Highly Stable and Conductive Microcapsules for Enhancement of Joule Heating Performance.

ACS nano

Zhaoliang Zheng, Jidong Jin, Guang-Kui Xu, Jianli Zou, Ulrike Wais, Alison Beckett, Tobias Heil, Sean Higgins, Lunhui Guan, Ying Wang, Dmitry Shchukin

Affiliations

  1. Stephenson Institute for Renewable Energy and Department of Chemistry, University of Liverpool , Liverpool L69 7ZD, United Kingdom.
  2. Department of Electrical Engineering and Electronics, University of Liverpool , Liverpool L69 3GJ, United Kingdom.
  3. International Center for Applied Mechanics, State Key Laboratory for Strength and Vibration of Mechanical Structures, Xi'an Jiaotong University , Xi'an 710049, China.
  4. EM Unit, Department of Cellular & Molecular Physiology, University of Liverpool , Liverpool L69 3BX, United Kingdom.
  5. Nanoinvestigation Centre at Liverpool, University of Liverpool , Liverpool L69 3GL, United Kingdom.
  6. Centre for Materials Discovery, University of Liverpool , Liverpool L69 7ZD, United Kingdom.
  7. Fujian Institute of Research on the Structure of Matter, Chinese Academy of Sciences , Fuzhou 350002, China.

PMID: 27002594 PMCID: PMC4850502 DOI: 10.1021/acsnano.6b01104

Abstract

Nanocarbons show great promise for establishing the next generation of Joule heating systems, but suffer from the limited maximum temperature due to precociously convective heat dissipation from electrothermal system to surrounding environment.

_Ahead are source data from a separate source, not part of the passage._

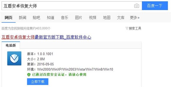 1.請下載安裝安卓微信聊天記錄恢復軟件,找到“互盾安卓恢復大師”下載資源,下載軟件,當軟件下載並按照步驟安裝結束後,請點擊“立即體驗”進入主界面。
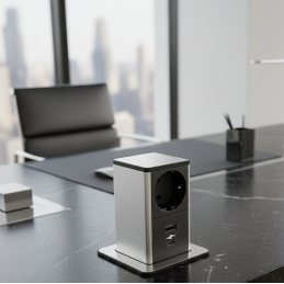 Die moderne ausziehbare Steckdose SQUARE UP in elegantem Edelstahl-Design ist eine praktische Lösung für Küchen, Büros oder Arbeitstische. Im geschlossenen Zustand wirkt sie minimalistisch und unauffällig – durch Drücken der oberen Fläche fährt sie nach oben und bietet sofortigen Zugang zu Strom- und USB-Anschlüssen.
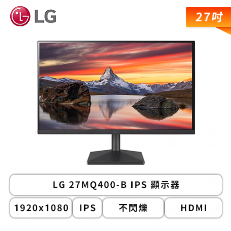 【27型】LG 27MQ400-B 液晶螢幕 (HDMI/D-Sub/IPS/5ms/75Hz/FreeSync/不閃屏/低藍光/無喇叭/三年保固)
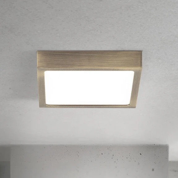 The LED ceiling lamp Disc impresses with its modern design made of aluminium and plastic in an elegant combination of antique brass and white. With its compact design, it fits seamlessly into various living areas such as the living room, dining room, kitchen or hallway. The integrated LED light source provides uniform and energy-efficient illumination.
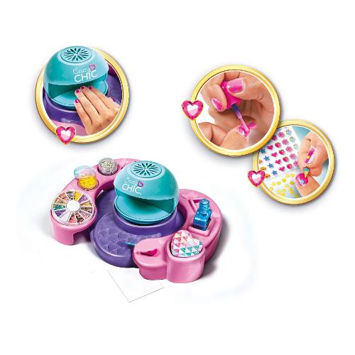 Per un look all'ultima moda un vero e proprio studio per realizzare una nail art perfetta! La fantastica macchina asciuga smalto in poco tempo donerà alle unghie un look davvero unico! Contiene tanti smalti colorati, limetta, glitter e diversi componenti decorativi per unghie. Un gioco che stimola la creatività nel campo beauty e la manualità.
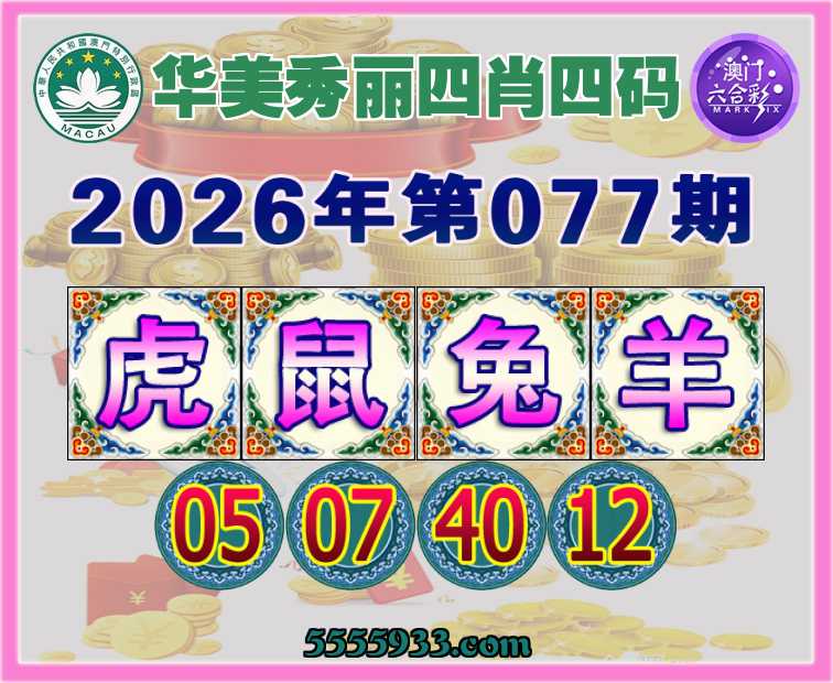 077期:【华美秀丽】 四肖四码【虎鼠兔羊】【05.07.40.12】开:虎29准
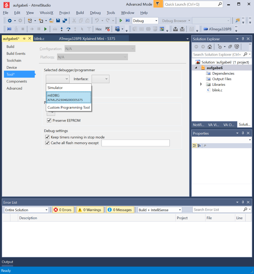 blink.c) rechts im Solution Explorer direkt unter den Projektknoten (z. B.aufgabe0). Dann nochmal neu kompilieren.
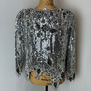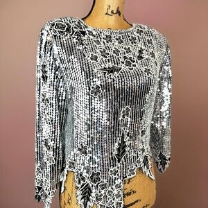 100% SILK vintage GUNIT silver sequin long sleeve top embroidered floral party
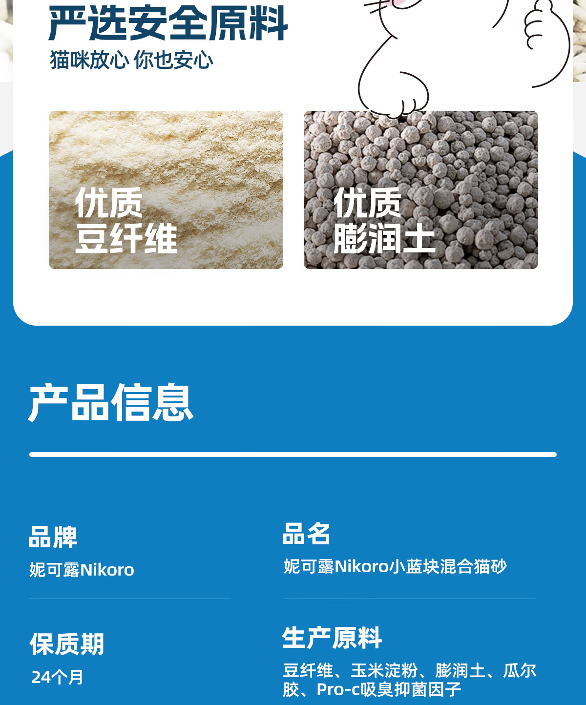 妮可露Nikoro经典小蓝块混合猫砂豆腐砂膨润土猫砂可冲厕3.6kg*4袋
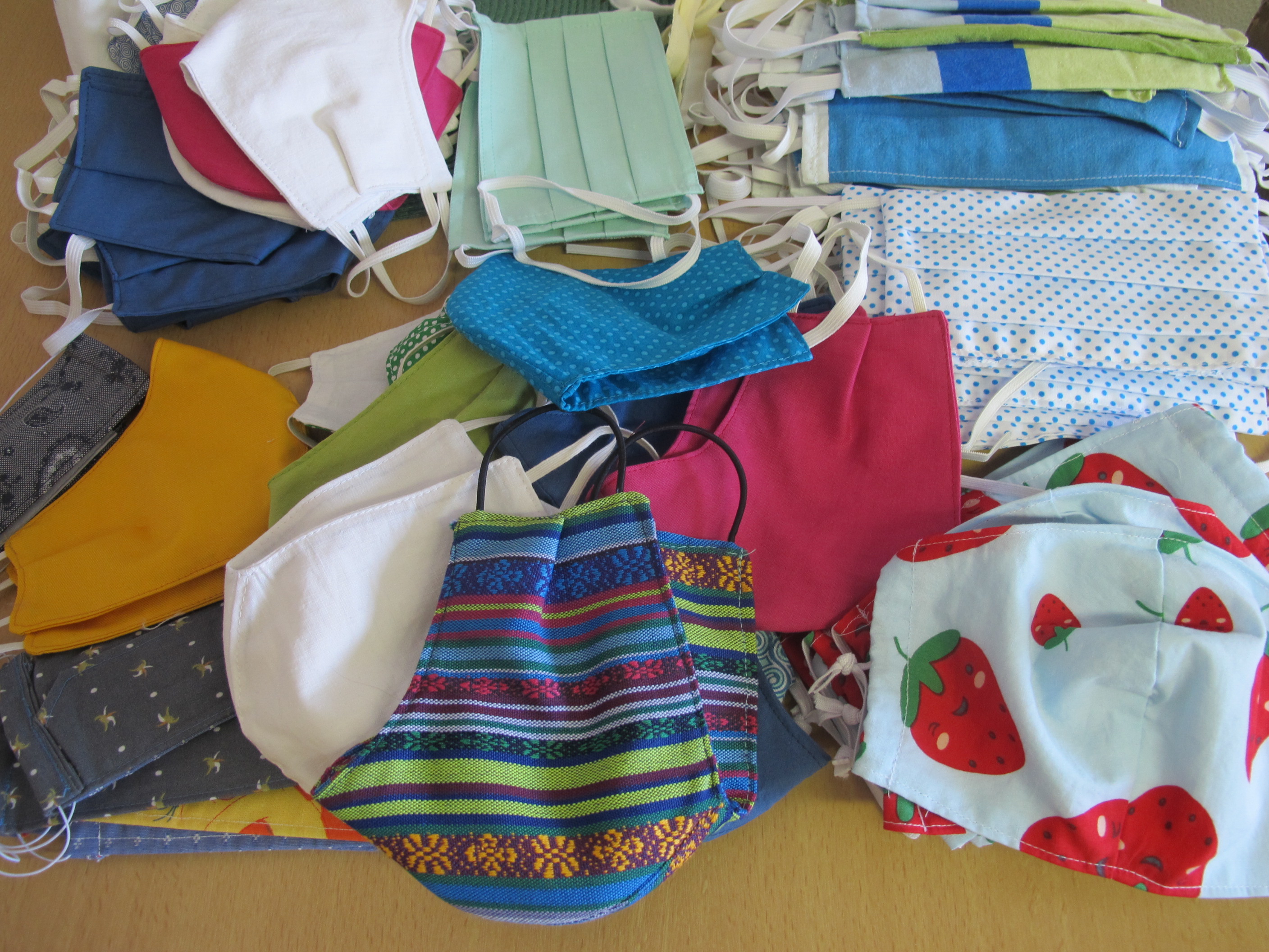 Nicht zuletzt freuen wir uns über gespendete Schutzmasken von Frauen aus der Aasee- Stadt. Die dekorativen Masken sorgen für etwas Farbe im Alltag.
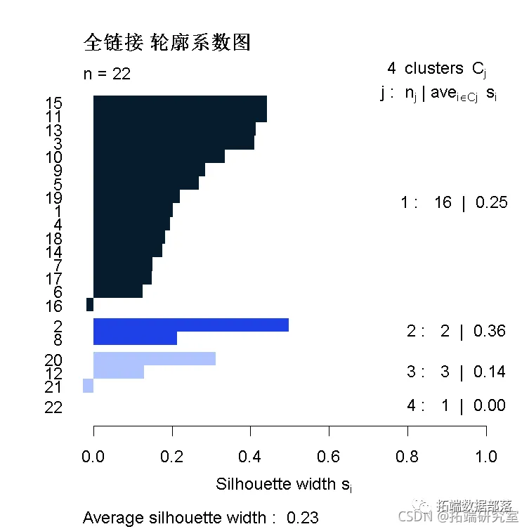plot(sloett(curee(asiahluc, 4), di), col min = "全链接 轮廓系数图")
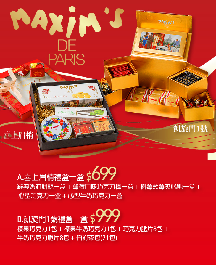 Maxim's 自從1893年在巴黎協和廣場旁設立了第一家餐廳以來,從當年只是一間小酒館,到90年代已成為社交名流流連聚集的場所,就連著名超現實主義畫家-薩爾瓦多‧達利都曾是座上佳賓。1981年,義大利著名服裝設計Pierre Cardin 皮爾·卡登先生Vaudable家族接下Maxim's餐廳,以他卓越的藝術成就及經營品牌的經驗替Maxim's 注入了新的靈魂。Maxim's 搖身成為全球時尚卻又同時擁有古典、優雅、浪漫品味的用餐地點,品牌擁有超過800種不同系列商品在全球販售,從巧克力、咖啡、茶葉、餅乾、香檳到禮盒等,從包裝視覺到甜品本身都帶給賓客不同層次的驚喜感。
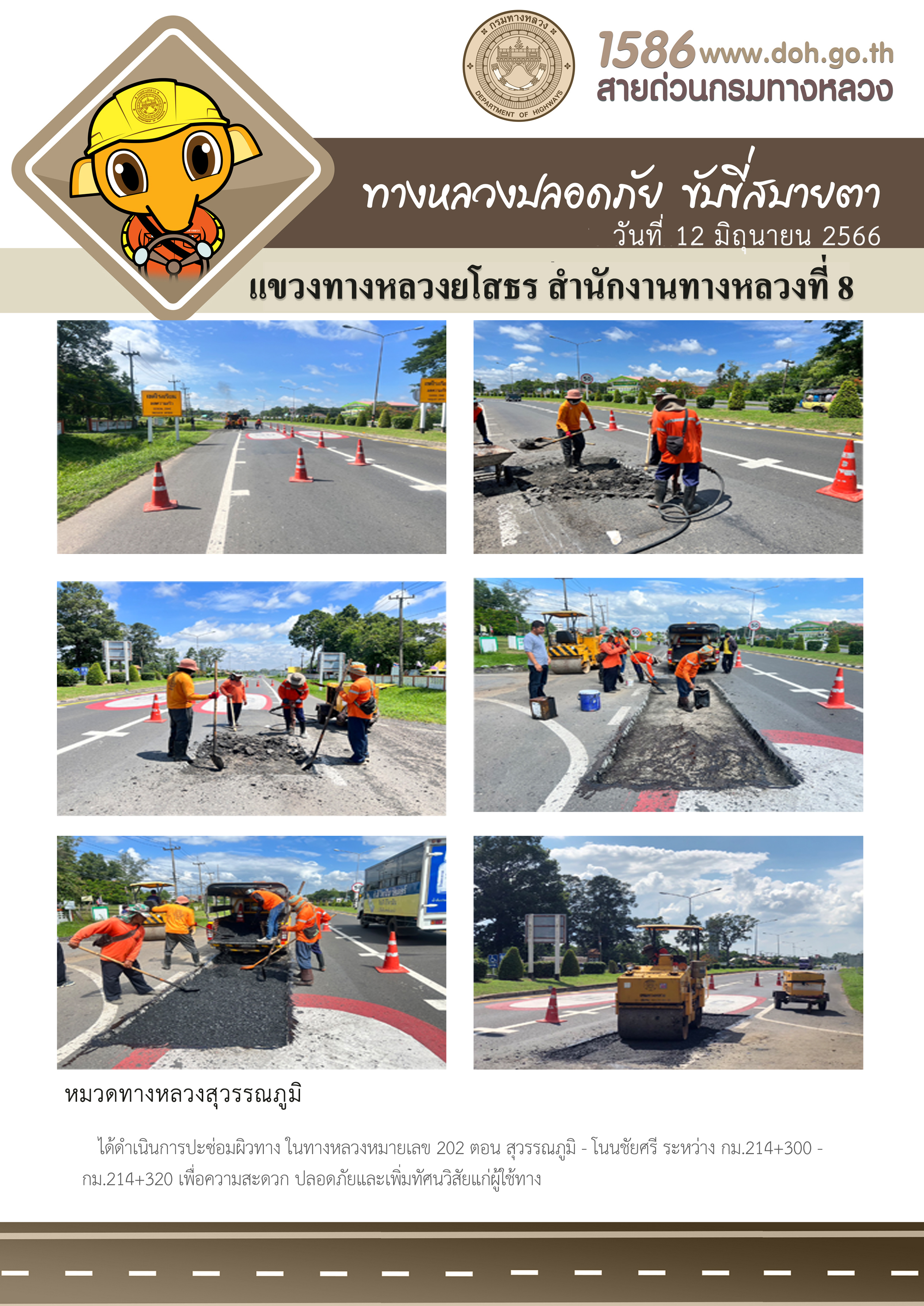 วันที่ 12 มิถุนายน 2566 หมวดทางหลวงสุวรรณภูมิ ได้ดำเนินการปะซ่อมผิวทาง ในทางหลวงหมายเลข 202 ตอน สุวรรณภูมิ - โนนชัยศรี ระหว่าง กม.214+300 - กม.214+ 320 เพื่อความสะดวก ปลอดภัยและเพิ่มทัศนวิสัยแก่ผู้ใช้ทาง
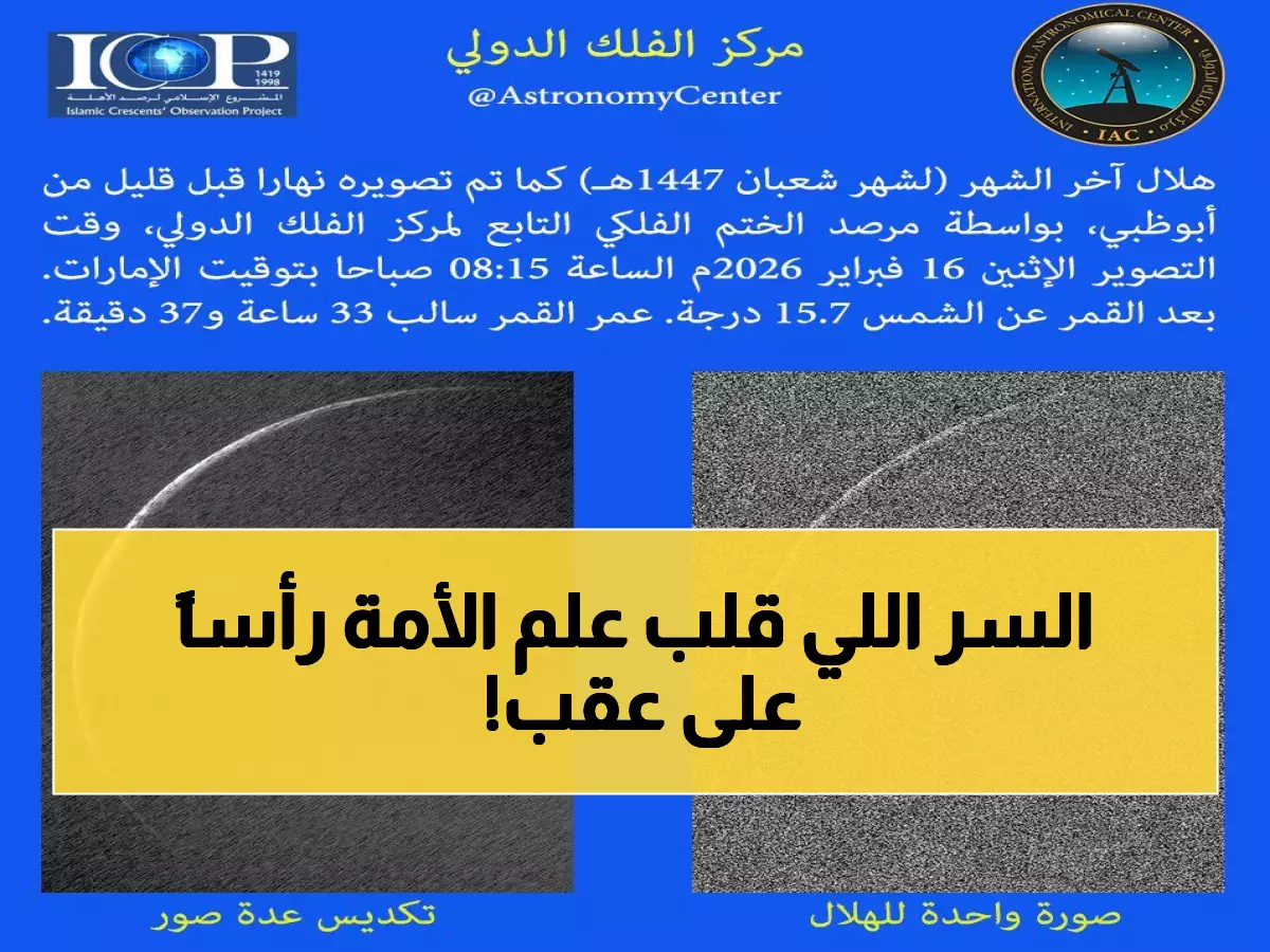 ففي الوقت الذي كان مركز الفلك الدولي يؤكد استحالة رؤية الهلال يوم الأحد 18 يناير 2026 (29 رجب) من جميع أنحاء العالم الإسلامي، جاء الإعلان الرسمي عن نجاح الرصد النهاري في أبوظبي ليقلب المعادلة.
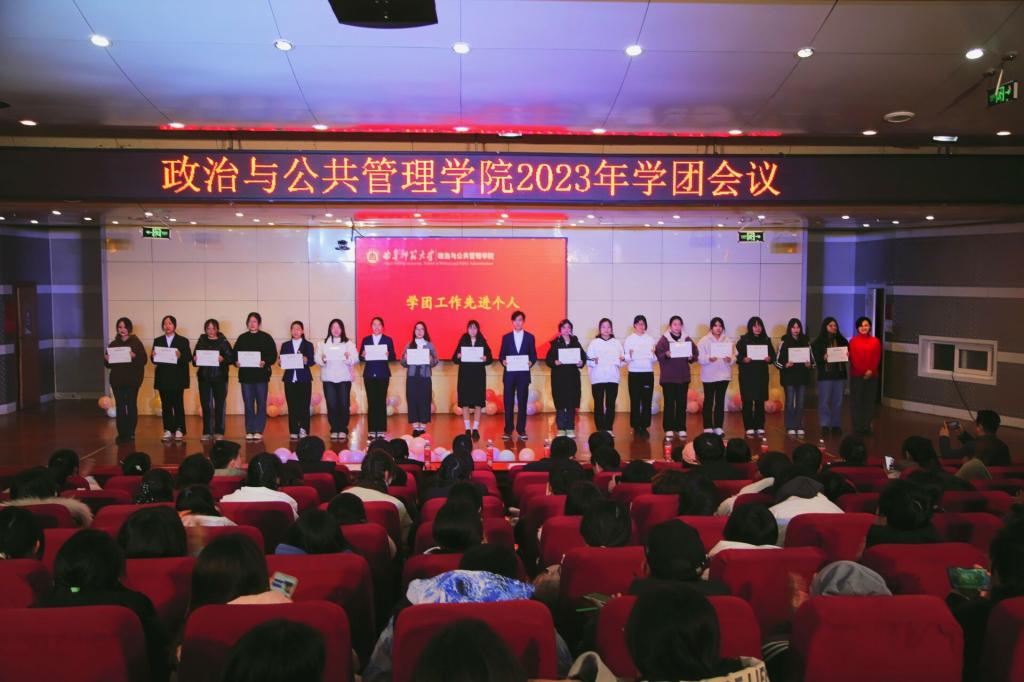 学生工作和共青团工作,对为学院做出突出贡献,争取荣誉的个人进行表彰,为更好的激励政院学子在未来的一年中继续发扬“勤奋、朴实、团结、进取”校风,不断砥砺前行。

Here we introduce a strategy to eliminate such convective heat transfer by inserting highly stable and conductive microcapsules into the electrothermal structures. The microcapsule is composed of encapsulated long-chain alkanes and graphene oxide/carbon nanotube hybrids as core and shell material, respectively. Multiform carbon nanotubes in the microspheres stabilize the capsule shell to resist volume-change-induced rupture during repeated heating/cooling process, and meanwhile enhance the thermal conductance of encapsulated alkanes which facilitates an expeditious heat exchange. The resulting microcapsules can be homogeneously incorporated in the nanocarbon-based electrothermal structures. At a dopant of 5%, the working temperature can be enhanced by 30% even at a low voltage and moderate temperature, which indicates a great value in daily household applications. Therefore, the stable and conductive microcapsule may serve as a versatile and valuable dopant for varieties of heat generation systems.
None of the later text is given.